Segment Start: Input data

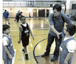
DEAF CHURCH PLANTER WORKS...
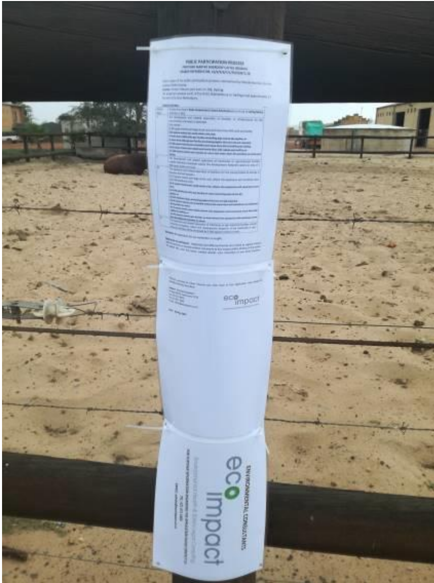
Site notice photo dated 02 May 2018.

Segment End: Input data
Segment Start: Input data

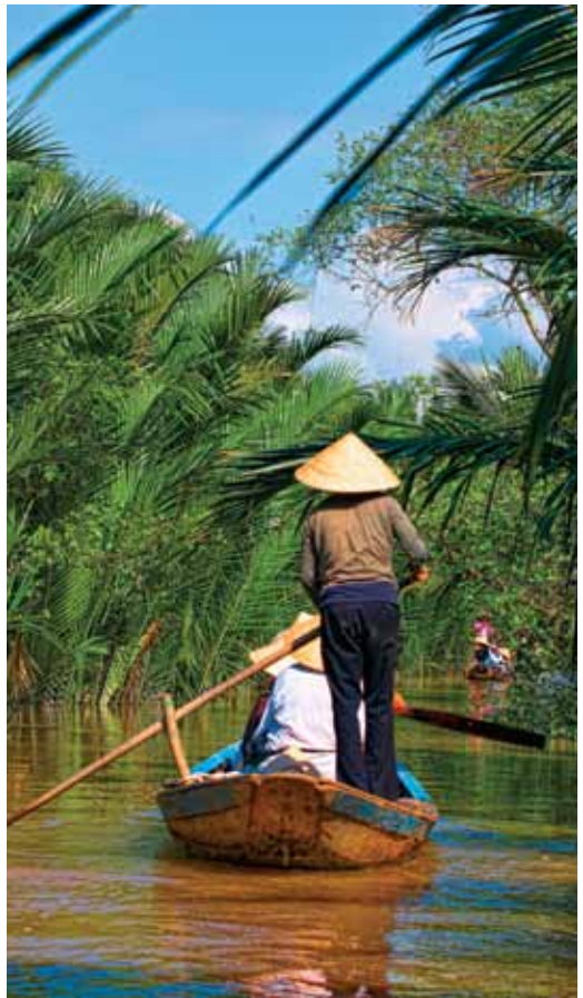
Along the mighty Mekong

Segment End: Input data

Could the stretch from the line with "DEAF CHURCH PLANTER WORKS..." through the line with "Site notice photo dated 02 May 2018." in the listing above be restated word for word, minus the pictures?

:: Written reply ::
DEAF CHURCH PLANTER WORKS...
Site notice photo dated 02 May 2018.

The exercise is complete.